The negotiations at COP28 carried on until December 13th, one day after the conference was supposed to end. Negotiators thankfully announced a consensus and adopted a draft framework. 

 

What is the COP28 Water Pavilion and how did water feature in the GGA negotiations?

The COP28 Water Pavilion was made up of over 60 partners. Many of us have been offering our expertise, not just at COP, but at climate meetings throughout the year. We’ve been working closely with the negotiators to help them understand the urgency of including water and sanitation in adaptation policies. 

After months of hard work, we were overjoyed to see that the GGA’s first thematic target is dedicated to water and sanitation. It calls for “Significantly reducing climate-induced water scarcity and enhancing climate-resilience to water-related hazards towards a climate-resilient water supply, climate-resilient sanitation and universal access to safe and affordable potable water.” This is a major win for the water sector. 

Having strong water and sanitation targets in the GGA will help us translate adaptation into national policies and action on the ground, helping us improve the lives of the most vulnerable and those most impacted by climate change. 

We are also excited to see that the water target is well aligned with the Green Climate Fund’s Water Security Guidelines.
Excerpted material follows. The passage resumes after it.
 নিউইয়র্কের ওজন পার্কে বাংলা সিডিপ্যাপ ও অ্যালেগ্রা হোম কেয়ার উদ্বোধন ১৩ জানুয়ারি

Parties to the Paris Agreement have existing guidance for how to contribute to global adaptation, now coupled with a strong climate rationale to boost adaptation funding for water and sanitation.
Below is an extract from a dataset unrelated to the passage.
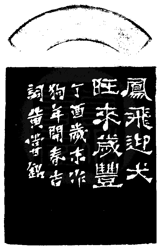 黃嘗銘.六十四歲/刻〔金犬旺歲〕正方白文界格印。邊款為【鳳飛迎犬,旺來歲豐。丁酉歲末,作狗年開春吉詞,黃嘗銘。】老撾石。瓦型鈕。

What are the challenges around securing climate finance for adaptation and how will the GGA framework help address those?

At COP28, world leaders again faced tough decisions over the financial responsibility for climate change. Officials have warned that resources needed for adaptation could be diverted instead to the new “loss and damage” fund. Wealthy countries have only offered about $160 million in contributions to the Adaptation Fund—about half of the $300 million goal.

The UN’s Adaptation Gap report estimates funding needs now stand between $194 billion and $366 billion per year. Yet finance flows to developing countries are 10-18 times below estimated needs, and the gap is widening. The UNFCCC’s Adaptation Fund has only received $1.3 billion from 26 countries, according to the Climate Fund Pledge Tracker.

While adaptation finance flows are nowhere near the levels we need to see, the critical role of water as a key component of climate resiliency is well recognized. The sector received a substantial share of committed public adaptation-related finance with funding standing at $11 billion USD in 2018 for water and wastewater management.

While this is relatively good news, we need to understand that water programs still only receive less than 3 per cent of global climate finance.

How do we ensure that water and sanitation continue to play a key role in adaptation funding and implementation?

There’s a lot of emphasis on the impact that climate change has on water as a resource. However, we aren’t paying as much attention to the impact it has on basic services, like water supply, sanitation and hygiene. The impacts of climate change on sanitation, in particular, are not obvious to those outside the sector.

Additionally, there is a lack of understanding of how the water and sanitation sector contributes to community resilience and the mitigation agenda. We can’t blame climate stakeholders for not including water and sanitation in national climate plans. Instead, the sector needs to support climate stakeholders to understand the problems and find the solutions. We do that by continually working with the climate community, offering our expertise through partnerships like the Water Pavilion, and participating in the negotiation processes.